While it is true that there are some antioxidants that can hinder chemotherapy’s effects, recent research suggests that there are some antioxidants that, when combined with chemotherapy, can increase the effectiveness of treatment by upwards of 30%. In this article, we seek to provide some clarity on this topic by providing useful guidelines that patients and health care providers can use to make better, more informed treatment decisions. Although this article specifically focuses on advanced metastatic prostate cancer, future articles will focus on the use of antioxidants and chemotherapy in the treatment of other cancers.

It has been commonly assumed that all chemotherapy drugs are incompatible with all antioxidants, but there is a growing body of evidence that suggests this might not always be the case (Lamson and Brignall 1999).

While some antioxidants are clearly not beneficial and can even decrease effectiveness of some chemotherapeutic treatments for certain cancers, there are many other antioxidants that do not interfere and may even enhance specific chemotherapy drugs, while also decreasing their side effects.

For this article, we investigated treatments for advanced metastatic prostate cancer, for which there are a limited number of chemotherapy treatments available. Although we focus on metastatic disease, some of the antioxidants discussed in this article are relevant for men with localized prostate cancer as well as for those who are at high risk for developing prostate cancer.

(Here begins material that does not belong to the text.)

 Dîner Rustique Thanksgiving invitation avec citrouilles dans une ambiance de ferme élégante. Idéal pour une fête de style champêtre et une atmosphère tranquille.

Prostate cancer is the second most common cancer in men after skin cancer. The most common form of prostate cancer occurs in men age 65 or older, and is often a slow growing, localized disease limited to the prostate gland. For this type of prostate cancer, there are a variety of treatments, including “watchful waiting,” radiation (including seeds), cryotherapy, surgery, High Intensity Focused Ultrasound (HIFU), hormone suppressing drugs (Androgen Deprivation Therapy), as well as other novel treatments. (See Glossary at the end of this article for brief descriptions of these terms.)

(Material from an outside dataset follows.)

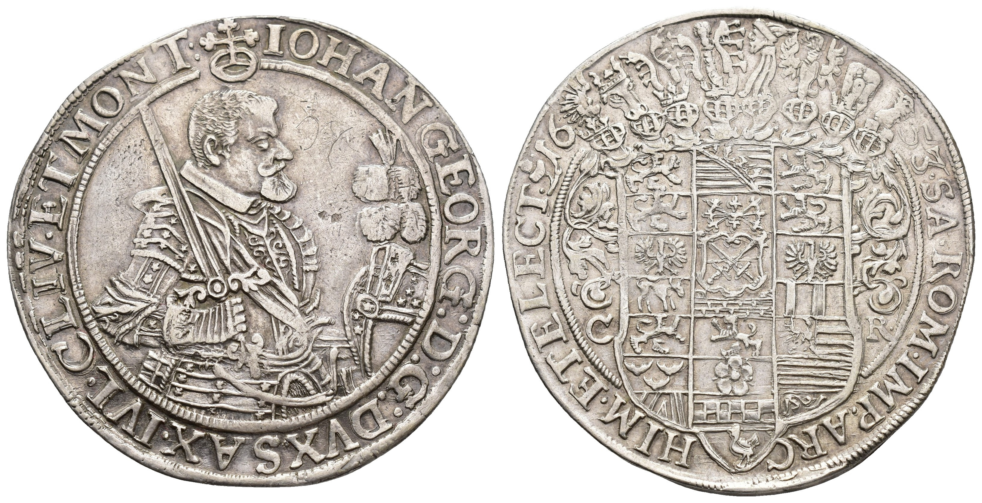 MONEDA EXTRANJERA. ALEMANIA Y ESTADOS ALEMANES. SAJONIA. Juan Jorge I. Tálero. 1653. AR 28,88 g. 43,9 mm. Dav.-7612. Grafito y hojitas en rev. MBC+.

If cancer of the prostate gland goes untreated or undiagnosed, it can begin to metastasize, either slowly over many years or, in some cases, very rapidly. When prostate cancer metastasizes, it can spread locally to the pelvic bones, bladder, and other nearby organs. Advanced metastatic prostate cancer commonly progresses to distant sites in the bones but can also spread to other organs.

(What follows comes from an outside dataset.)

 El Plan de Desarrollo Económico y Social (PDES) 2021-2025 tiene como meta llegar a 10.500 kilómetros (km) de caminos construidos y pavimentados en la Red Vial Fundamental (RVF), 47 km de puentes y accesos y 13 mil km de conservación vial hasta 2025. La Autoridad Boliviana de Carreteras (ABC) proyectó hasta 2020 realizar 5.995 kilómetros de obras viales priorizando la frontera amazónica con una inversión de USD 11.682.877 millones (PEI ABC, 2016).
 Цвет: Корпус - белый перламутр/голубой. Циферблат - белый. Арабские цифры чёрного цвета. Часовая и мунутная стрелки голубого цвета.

The first line of treatment for metastatic prostate cancer is usually hormone suppression therapy. This is called Androgen Deprivation Therapy (ADT) and includes drugs such as leuprolide (Lupron), goserelin (Zoladex), flutamide (Eulexin), bicalutamide (Casodex), nilutamide (Nilandron), or cyproterone (Androcur, Cyprostat). Secondary hormone therapy may be used if and when the first treatment does not work. This would include a combination of the same drugs listed above and may include others as well.

When Androgen Deprivation Therapy stops working, patients move on to chemotherapy, starting with drugs such as paclitaxel (Taxol), docetaxel (Taxotere), or mitoxantrone (Novantrone). Off-label or clinical trial chemotherapy drugs are sometimes added, such as carboplatin (Paraplatin), cisplatin (Platinol), satraplatin, epothilone, or doxorubicin (Adriamycin). Research has shown that chemotherapy has limited potential for controlling progression of metastatic prostate cancer, leading to the addition of newer therapies (in combination with chemotherapy or not) and clinical trials.

Some of the newer therapies, which can be considered, include: anti-angiogenesis drugs, such as bevacizumab (Avastin) or sunitinib (Sutent), which stop new blood vessels from growing; immune therapy, which stimulates the immune system to fight cancer; and gene therapy, which uses genetic material in the treatment of disease, including GVAX, ipilimumab (MDX -010), Granulocyte-Macrophage Colony-Stimulating Factor (GMCSF), and sipuleucel-T (Provenge).

As new approaches to treating advanced prostate cancer in conjunction with chemotherapy are being developed, it becomes more and more useful to explore approaches that involve increasing the effectiveness of chemotherapy while decreasing its side effects. There are antioxidants that, when properly combined with chemotherapy, have been shown to produce this effect. Although it is not commonly known, these combinations have been investigated as early as the 1980’s (Lamson and Brignall 1999) and one published scientific review reported on the results of over 180 studies specifically investigating antioxidant/chemotherapy and antioxidant/radiation combinations (Lamson and Brignall 1999).

The following are brief summaries of more recently published evidence on the combination of antioxidants and chemotherapy specifically for advanced metastatic prostate cancer:

Curcumin is an active component of the Indian curry spice turmeric. Curcumin is known for its antitumor, antioxidant, anti-amyloid, and anti-inflammatory properties. It also promotes healthy bile excretion and healthy platelet function.

Curcumin & Chemotherapy
Curcumin appears to block a protein that plays a role in the resistance to the chemotherapy drug mitoxantrone. It therefore may be compatible with mitoxantrone (Chearwae, Shukla et al. 2006). However, curcumin appears to block a pathway by which taxol based drugs (taxanes) cause tumor suppression and therefore should not be taken in combination with taxanes (Wang and Wieder 2004).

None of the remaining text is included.